### Supplied material
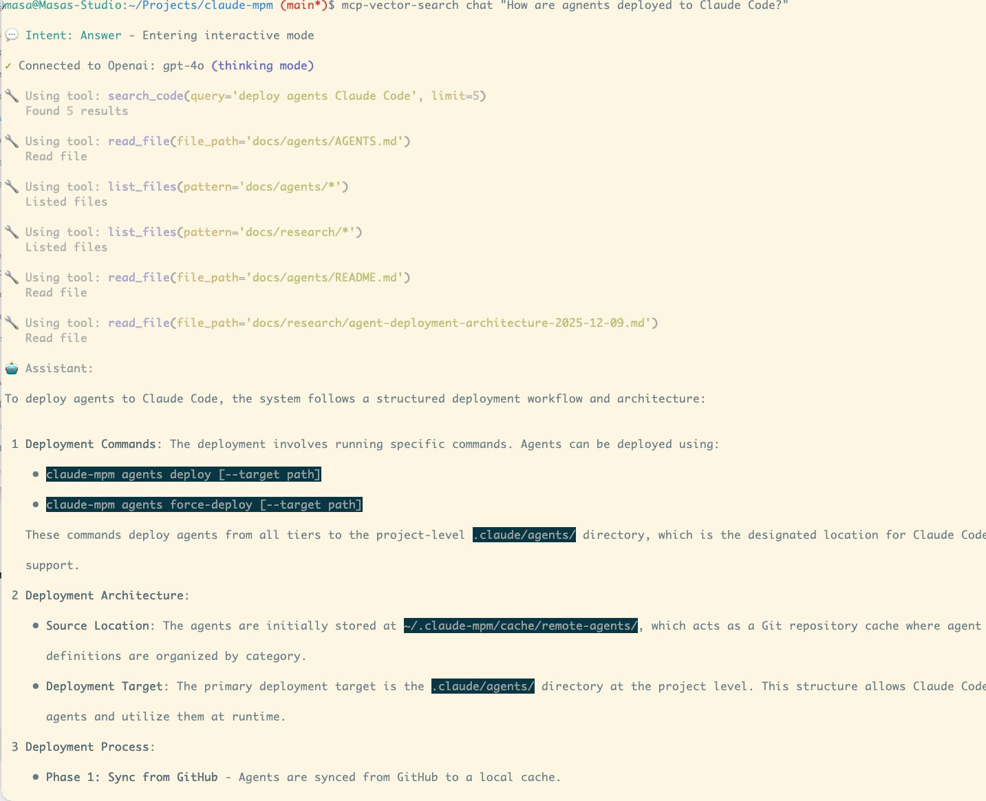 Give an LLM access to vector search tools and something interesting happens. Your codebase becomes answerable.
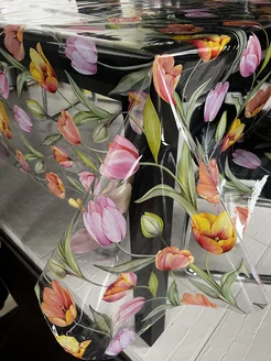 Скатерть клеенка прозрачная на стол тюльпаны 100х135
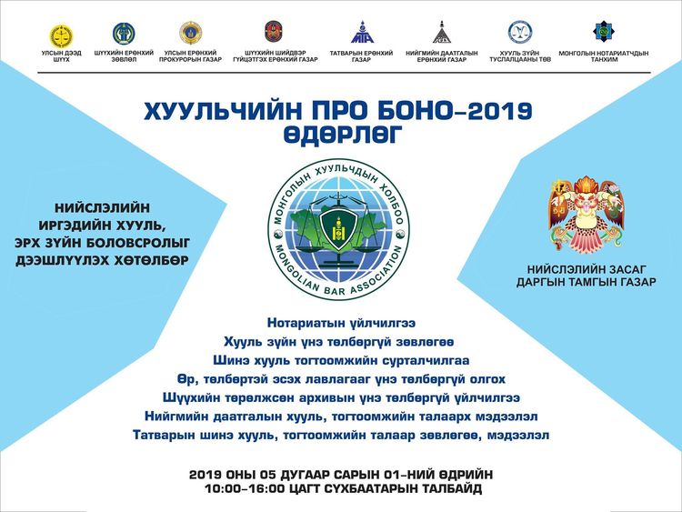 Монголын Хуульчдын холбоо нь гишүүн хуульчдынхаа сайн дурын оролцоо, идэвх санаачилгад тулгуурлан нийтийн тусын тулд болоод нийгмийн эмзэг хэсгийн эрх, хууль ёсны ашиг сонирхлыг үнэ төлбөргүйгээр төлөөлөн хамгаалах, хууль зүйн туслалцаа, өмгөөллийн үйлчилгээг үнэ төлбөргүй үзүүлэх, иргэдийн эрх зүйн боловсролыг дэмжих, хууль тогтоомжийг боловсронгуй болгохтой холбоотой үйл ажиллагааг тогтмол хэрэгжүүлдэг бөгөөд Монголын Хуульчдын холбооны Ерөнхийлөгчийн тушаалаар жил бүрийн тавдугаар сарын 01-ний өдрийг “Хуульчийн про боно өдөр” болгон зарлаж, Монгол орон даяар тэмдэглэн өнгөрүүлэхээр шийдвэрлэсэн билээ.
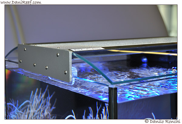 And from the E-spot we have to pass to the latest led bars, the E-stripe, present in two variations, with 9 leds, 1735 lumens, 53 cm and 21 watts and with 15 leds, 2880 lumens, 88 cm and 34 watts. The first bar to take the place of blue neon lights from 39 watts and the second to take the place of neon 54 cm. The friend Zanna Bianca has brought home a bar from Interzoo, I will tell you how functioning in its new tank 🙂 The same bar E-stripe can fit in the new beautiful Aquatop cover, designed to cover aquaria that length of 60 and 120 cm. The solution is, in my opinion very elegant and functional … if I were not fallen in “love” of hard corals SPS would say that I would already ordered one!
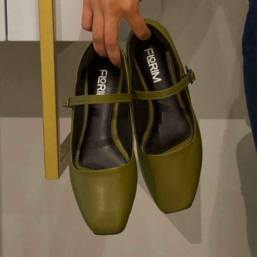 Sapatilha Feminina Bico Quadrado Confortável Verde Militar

### Your objective
When you retype the data above, match every line exactly and leave the pictures behind.

### Answer below
 Give an LLM access to vector search tools and something interesting happens. Your codebase becomes answerable.
 Скатерть клеенка прозрачная на стол тюльпаны 100х135
 Монголын Хуульчдын холбоо нь гишүүн хуульчдынхаа сайн дурын оролцоо, идэвх санаачилгад тулгуурлан нийтийн тусын тулд болоод нийгмийн эмзэг хэсгийн эрх, хууль ёсны ашиг сонирхлыг үнэ төлбөргүйгээр төлөөлөн хамгаалах, хууль зүйн туслалцаа, өмгөөллийн үйлчилгээг үнэ төлбөргүй үзүүлэх, иргэдийн эрх зүйн боловсролыг дэмжих, хууль тогтоомжийг боловсронгуй болгохтой холбоотой үйл ажиллагааг тогтмол хэрэгжүүлдэг бөгөөд Монголын Хуульчдын холбооны Ерөнхийлөгчийн тушаалаар жил бүрийн тавдугаар сарын 01-ний өдрийг “Хуульчийн про боно өдөр” болгон зарлаж, Монгол орон даяар тэмдэглэн өнгөрүүлэхээр шийдвэрлэсэн билээ.
 And from the E-spot we have to pass to the latest led bars, the E-stripe, present in two variations, with 9 leds, 1735 lumens, 53 cm and 21 watts and with 15 leds, 2880 lumens, 88 cm and 34 watts. The first bar to take the place of blue neon lights from 39 watts and the second to take the place of neon 54 cm. The friend Zanna Bianca has brought home a bar from Interzoo, I will tell you how functioning in its new tank 🙂 The same bar E-stripe can fit in the new beautiful Aquatop cover, designed to cover aquaria that length of 60 and 120 cm. The solution is, in my opinion very elegant and functional … if I were not fallen in “love” of hard corals SPS would say that I would already ordered one!
 Sapatilha Feminina Bico Quadrado Confortável Verde Militar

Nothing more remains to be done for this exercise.